Allele sizes were called using the Microsatellite Plugin in Geneious version R9.0.5 (Biomatters, New Zealand). In order to reduce the risk of genotyping stutter peaks, we manually removed from the analysis peaks lower than 5% of the signal of the tallest peak at any given locus. We assumed two alleles to be present at each loci because P. capsici is a diploid organism belonging to the class Oomycota. Descriptive population statistics such as the number of alleles per locus (Na), heterozygosity (He), evenness, and the genotype accumulation curve were estimated using the functions “gac” and “locus_table” from the package poppr in RStudio (version 0.99.903 and R version 3.2.4; R Core Team, Austria)69,70,71.

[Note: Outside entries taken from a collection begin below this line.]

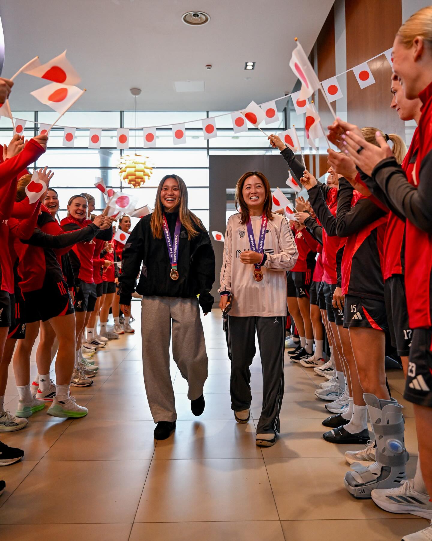 【なでしこ】長野風花がアジア杯優勝メダルでリバプールへ凱旋 チームメートが日本国旗で出迎え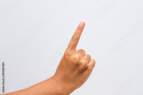 child making the sign up on a white background.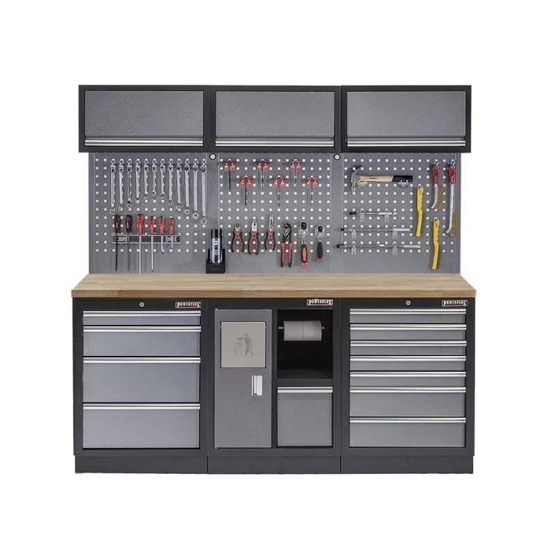Werkbank set met gereedschapswand, werkplaatsinrichting, gereedschapsbord, 3 x hangkast en 12 laden - 204 x 46 x 200 cm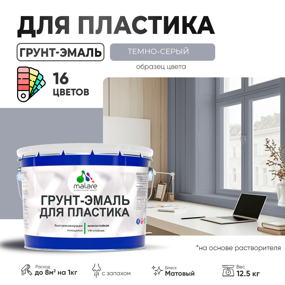 Грунт-Эмаль, Краска Malare 3 в 1 для пластика, окон и подоконников, сайдинга, быстросохнущая, матовый, темно-серый, 12,5 кг. информация:
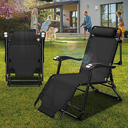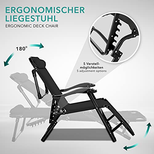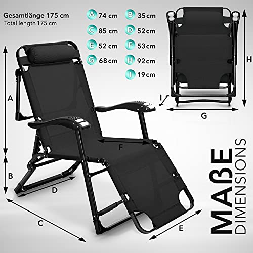 Tillvex Ligstoel, inklapbaar met hoofdkussen, tuinligstoel, verstelbaar met stalen frame, ligstoel met verstelbare rugleuning en armleuningen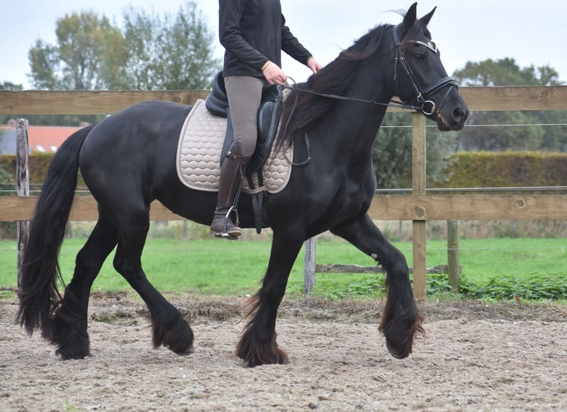 Bloedmooie, goudeerlijke 100 % correcte Friese dame Hier is ze dan: Marina! ( doopnaam Maria) . Aan haar goudeerlijke oog zie je al dat deze dame superbetrouwbaar van karakter is. Dit is een van de weinige paarden waar nu werkelijk NIKS op aan te merken is . Super eerlijk, rustig en lief. Ze heeft 3 super correcte, verheven maar toch ruime gangen, waarmee ze zeer geschikt is voor de sport. Ze is in bezit van een recent keuringsrapport inclusief bloedafname, waarmee ze is goedgekeurd zonder maar enige aanmerking, voor de sport! Ze is totaal vrij van gebreken. Ca 158 m hoog nu. Marina is geboren 5 mei 2021 in Spanje ! In Nederland heeft ze een veulen gehad. De mensen hebben gekozen om het veulen te houden, en zo mag Marina naar een nieuwe lieve baas. Ze is bij hen betuigd voor de koets, zie het filmpje. Wij rijden haar dressssurmatig en recreatief en dat gaat super, ze heeft nog geen pas verkeerd gezet. Dit is een zwarte parel. Een uit duizenden. Prijs : € 9750,- incl. merkzadel en hoofdstel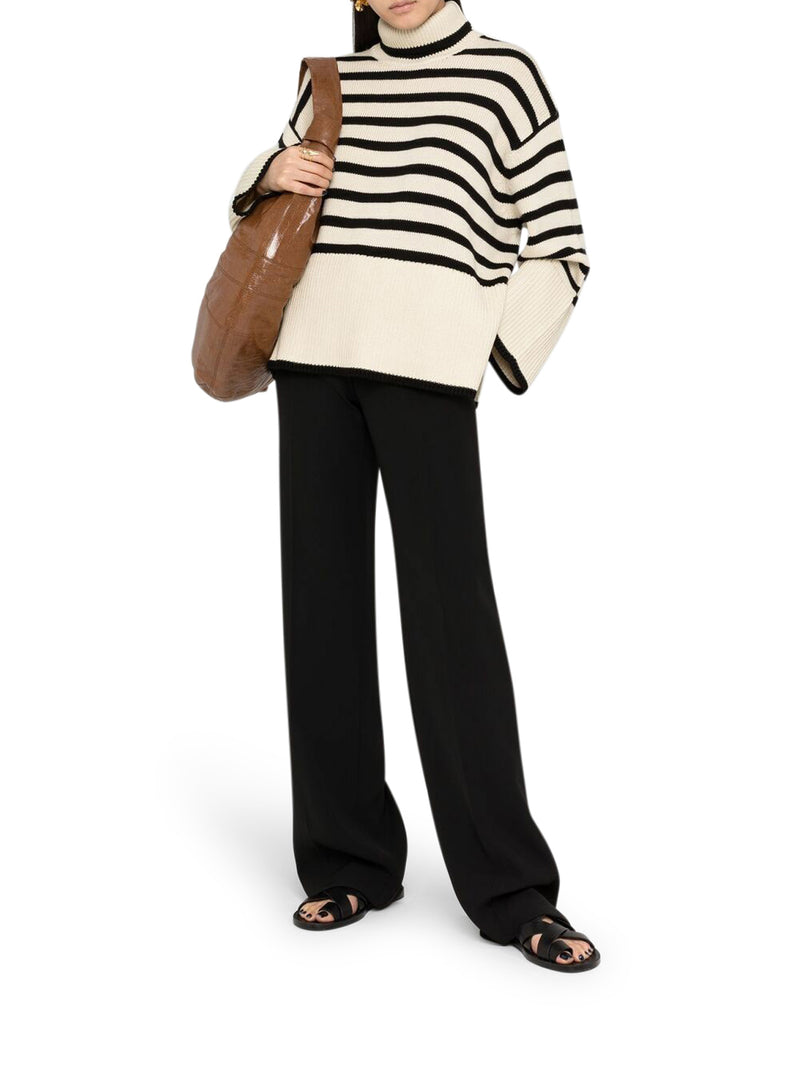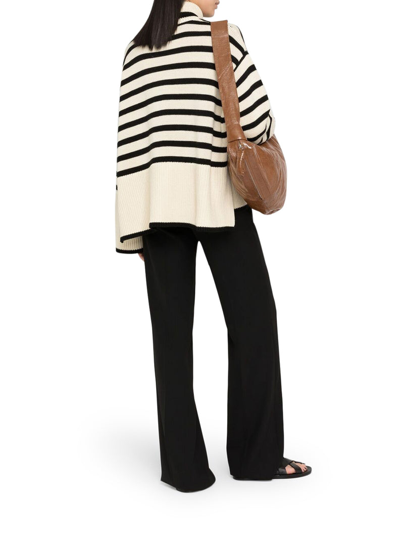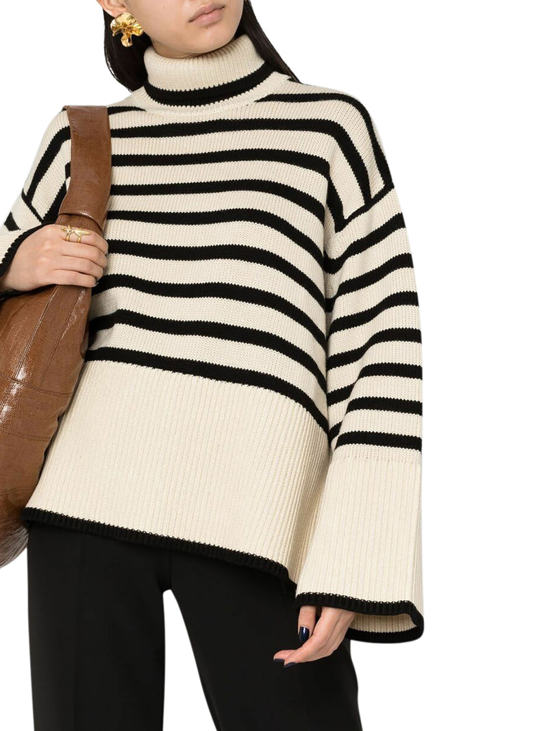 -Knitted design -Horizontal stripe print -High neck -Long sleeves -Straight hem -Side slits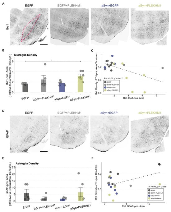 Increased microglial neuroinflammation in mice transduced with rAAV-αSyn + rAAV-PLEKHM1. (A,D) Representative images of Iba1-positive microglia (A) and GFAP-positive astrocytes (D) in the SN across all treatments. The SNc is highlighted by the pink dotted line. Cohorts are annotated above each image. Scale bar = 300 μm. (B) Iba1-positive area in the SNc as a ratio to the contralateral hemisphere. Dots represent individual animals (n = 5 in all cohorts, except n = 6 in mice transduced with rAAV-αSyn + rAAV-PLEKHM1). Comparison by a two-way ANOVA. Independent variable 1: rAAV-EGFP or rAAV-αSyn. Independent variable 2: rAAV-EGFP or rAAV-PLEKHM1. Variable 2 explains for a significant variation (F-value = 6.592, p-value = 0.02). Post hoc analysis by the Dunn test with Bonferroni correction for multiple testing suggests a significant pairwise difference between rAAV-EGFP and rAAV-αSyn + rAAV-PLEKHM1 (p-value = 0.042). Asterisks indicate significance levels (* p < 0.05). (C) Correlation of the Iba1-positive area and density of dopaminergic axon terminals. Each dot represents an individual animal. Pearson’s product–moment correlation with R = −0.52 (p-value = 0.017). Dotted line represents the corresponding generalized linear mixed model. (E) GFAP-positive area in the SNc relative to the contralateral hemisphere. No significant pairwise differences were found in statistical testing. Dots represent individual animals. (F) Correlation of the GFAP-positive area and the density of dopaminergic dendrites. Each dot represents an individual animal. Pearson’s product–moment correlation with R = 0.48 (p-value = 0.033). Dotted line represents the corresponding generalized linear mixed model.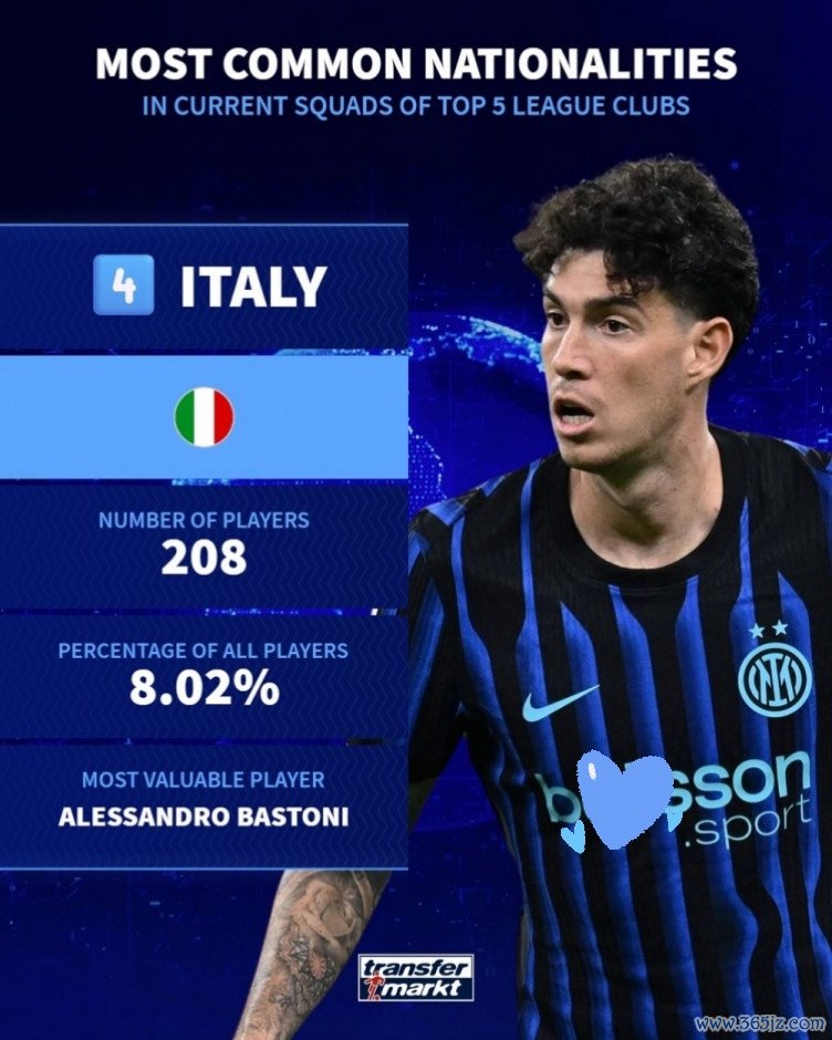 意大利:208东说念主,五大联赛球员意大利>英格兰,如故让东说念主未必的,因为近些意甲没落,也曾成为英超级联赛逾期球星和宿将的养老院。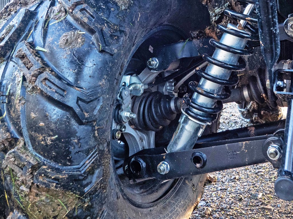 As to the ride, the engine did feel a little bit frantic and buzzy if pressed hard but at a more measured pace it was fine. As to comfort and stability over rough ground we had no complaints either at sensible speeds. Talking of speed, there is a selectable rev limiter fitted that will restrict the engine to a maximum 4,000 rpm. This is activated via a blue button marked with a tortoise but we found pressing it just made the ATV feel less peppy. The system also felt a bit crude in how it kept the revs down, the engine becoming less inclined to rev and a bit lumpy. We preferred to use the throttle to tame the revs.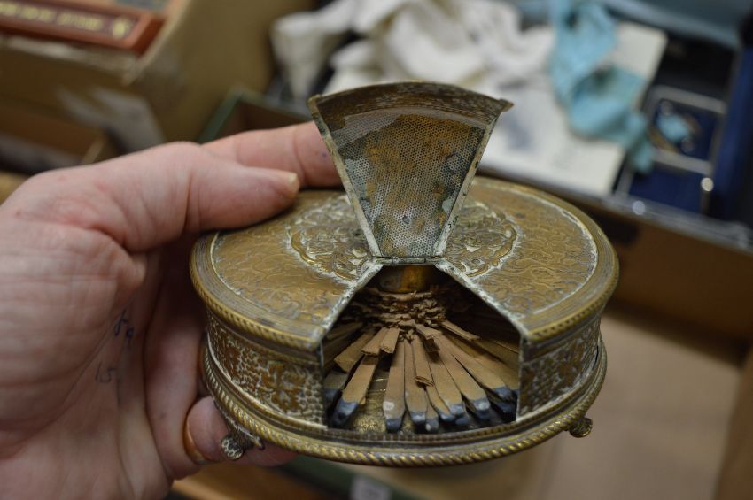 An unusual brass matchbook holder and other items.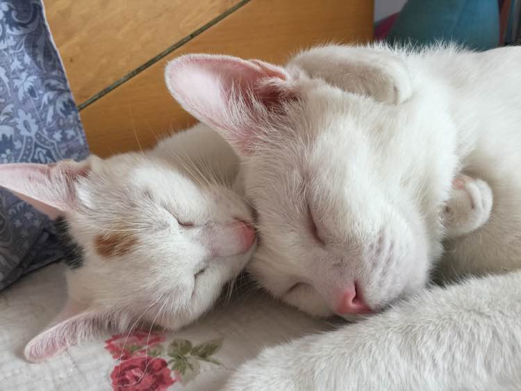 你家的好有爱啊!!!我家两只小家伙都不怎么睡一起的,只有互相舔毛的时候才…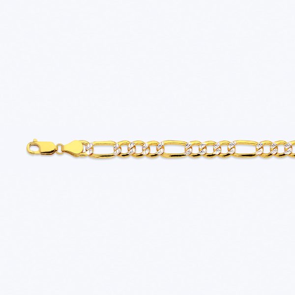 14K 6.5MM YELLOW GOLD HOLLOW PAVE FIGARO 24″ CHAIN NECKLACE (AVAILABLE IN LENGTHS 7″ – 30″)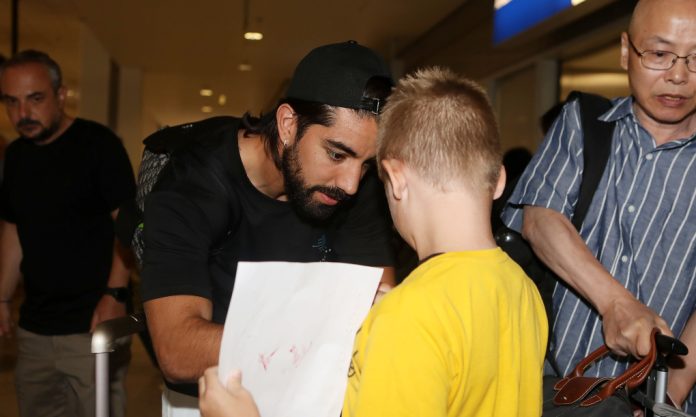 Το απόγευμα της Κυριακής (16/07) λοιπόν, ο διεθνής Μεξικανός προσγειώθηκε στο αεροδρόμιο “Ελευθέριος Βενιζέλος”, όπου τον υποδέχτηκαν μερικοί φίλοι του “Δικέφαλου” και φωτογραφήθηκαν μαζί του.//Γ.
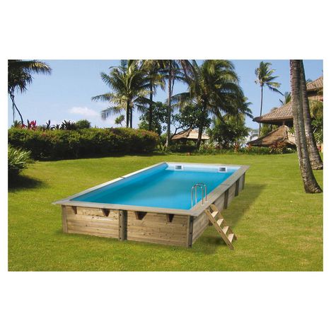 Piscine hors sol bois rectangulaire - 350x650x140cm - Liner Bleu - LINEA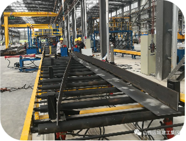 切割好的板材通過(guò)組立機(jī)兩端點(diǎn)焊初步成型為H型鋼,由輥軸輸送準(zhǔn)備進(jìn)入下道工序---組焊。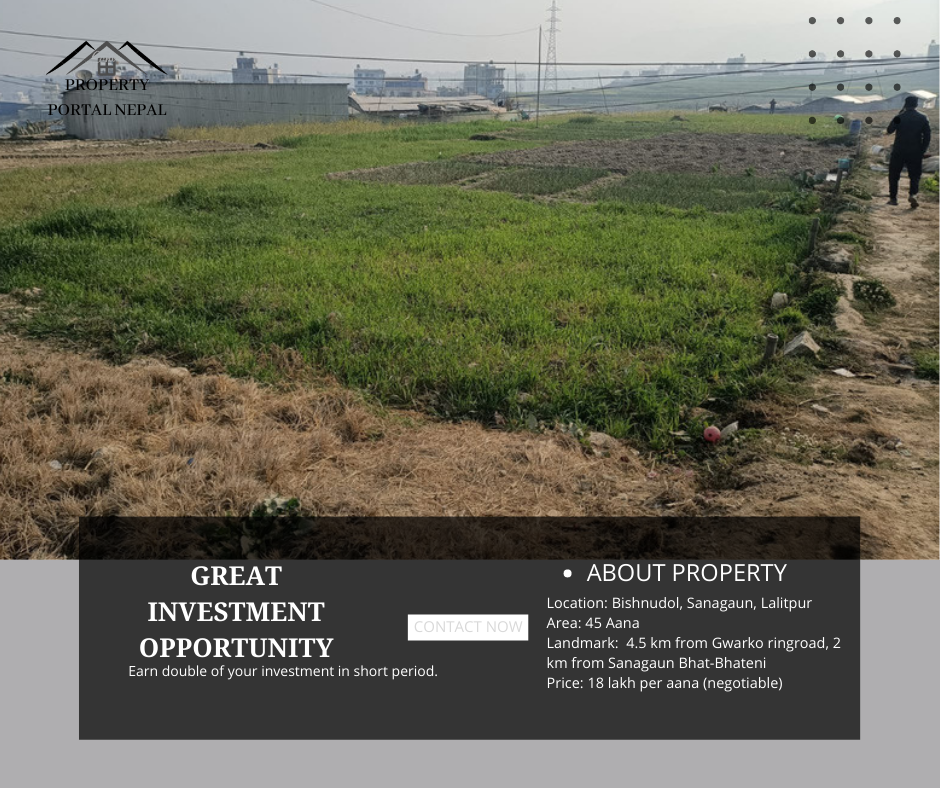 ललितपुर नगरपालिका - ८ हाल बिकास र आधुनिक बस्तीले रफतार लिई रहेको स्थान सानागाउँ, बिष्णुडोल मा लगानी उपयुक्त 44 आना आकर्षक मिलेको,26 फुटे main बाटो छोएको प्लतिङ्ग गर्दानी हुने, व्यवसायिक / आवासीय भवन निर्माण गर्दानी हुने जग्गा Property Portal Nepal द्वारा १ - २ वर्ष अगाडीनै चल्दै आएको मूल्य भन्दा सस्तोमा बिक्रीमा ल्याएको छ।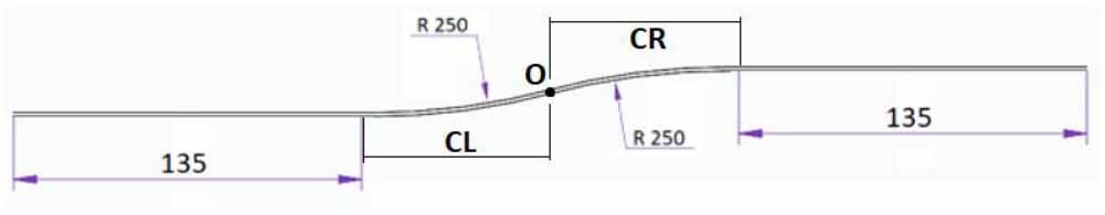 Configuration and dimensions of the curved track; CL – curvature to the left, CR – curvature to the right, O – point of inflection of the curvature/change of direction of track curvature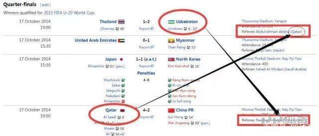 当年中国U19国青队在小组赛晋级参加1/4决赛时,取胜的话就将进入到世青赛中。遗憾的是,中国队在1/4决赛中被卡塔尔队击败。可实际上,中国国青队再如何努力,恐怕都没有可能闯过卡塔尔队这一关。为什么?赛前,亚足联安排乌兹别克裁判伊尔马托夫(也就是现在乌兹别克足协第一常务副主席、乌兹别克奥运会第一常务副主席)执法中国队与卡塔尔队的1/4决赛;而与此同时在另外一场乌兹别克队与泰国队的1/4决赛中,安排的是卡塔尔裁判阿卜杜执法。这意味着什么?当然肯定是乌兹别克队与卡塔尔队双双赢球出线!最终的结果也就是这两队晋级。这就是亚足联在裁判安排方面的“学问”,而是还是“大学问”!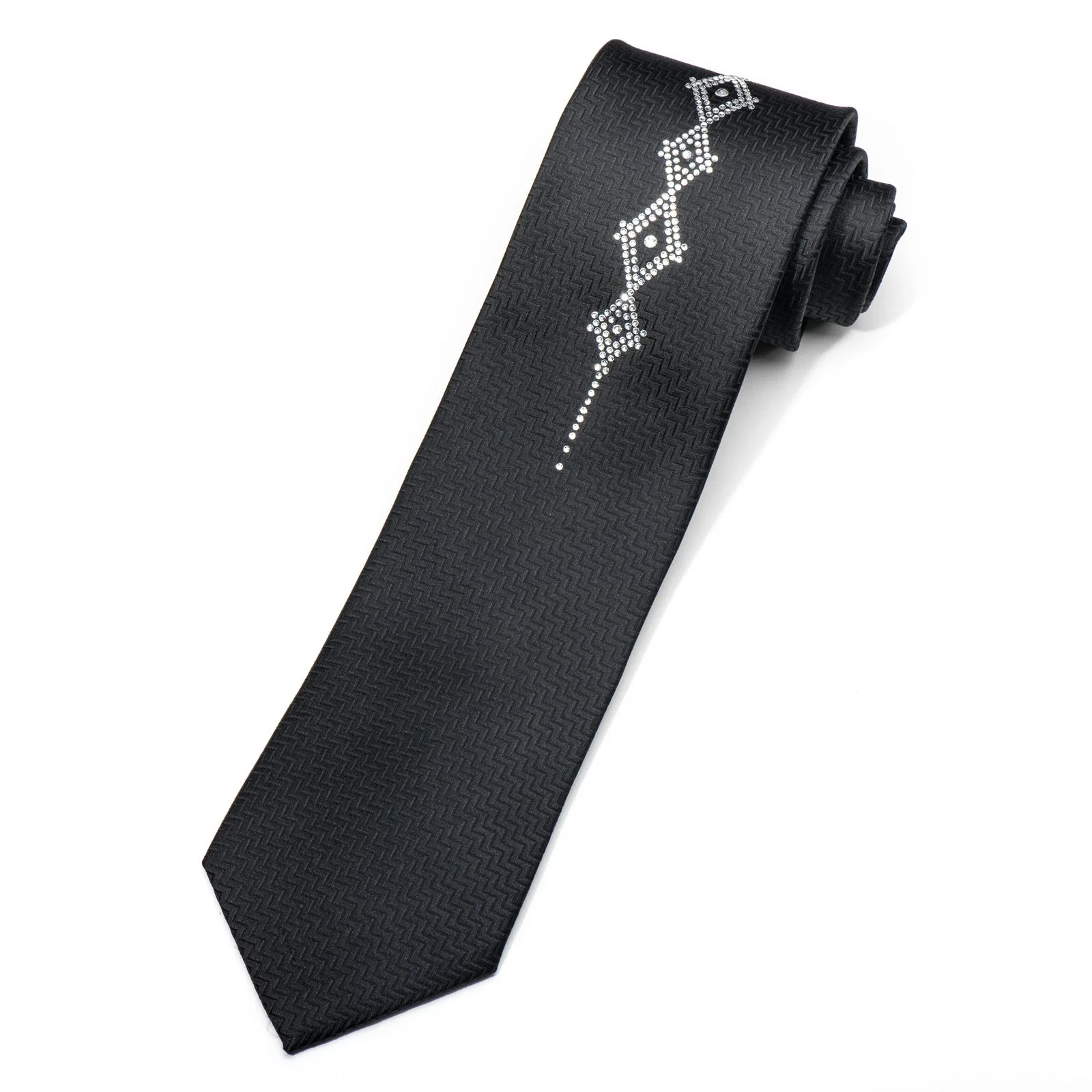 Men's Black Silk Tie Geometric Crystal Design Rhinestone Necktie By Lalanta

We employed the function “poppr” using the stratified clonecorrected data (by states, host, and mating type) to calculate the number of multilocus genotypes, the Shannon-Wiener index of genetic diversity and other summary statistics. The standardized index of association (\({\bar{r}}_{d}\)) was calculated with the “ia” function72. We built a genetic distance tree to assess genetic relatedness between isolates using Provesti’s distance with 1,000 bootstrap replicates59. Because the set of microsatellite markers discovered in this study are intended to elucidate population structure of P. capsici, we assessed whether the 50 P. capsici isolates significantly structure by state, host, or mating type by implementing the Analysis of Molecular Variance (AMOVA) included in the poppr package. To test for differentiation between P. capsici isolates from different states, pairwise FST values were estimated, and significance levels were tested with 999 permutations using GenAlEx 6.573. The presence of an underlining structure was examined using the Discriminant Analysis of Principal Components (DAPC) with the R package adegenet74, and the Bayesian Markov Chain Monte Carlo (MCMC) clustering model using the software STRUCTURE v2.3.475. The values for length of burnin, chain replication, and lambda were set at 50,000, 250,000, and 1 respectively. Isolates membership was inferred for one to 10 clusters and the optimal K was chosen by computing ΔK using STRUCTURE HARVESTER v.0.6.9476. Population structure figure defining the state of origin was obtained using Microsoft Excel (version 15.20).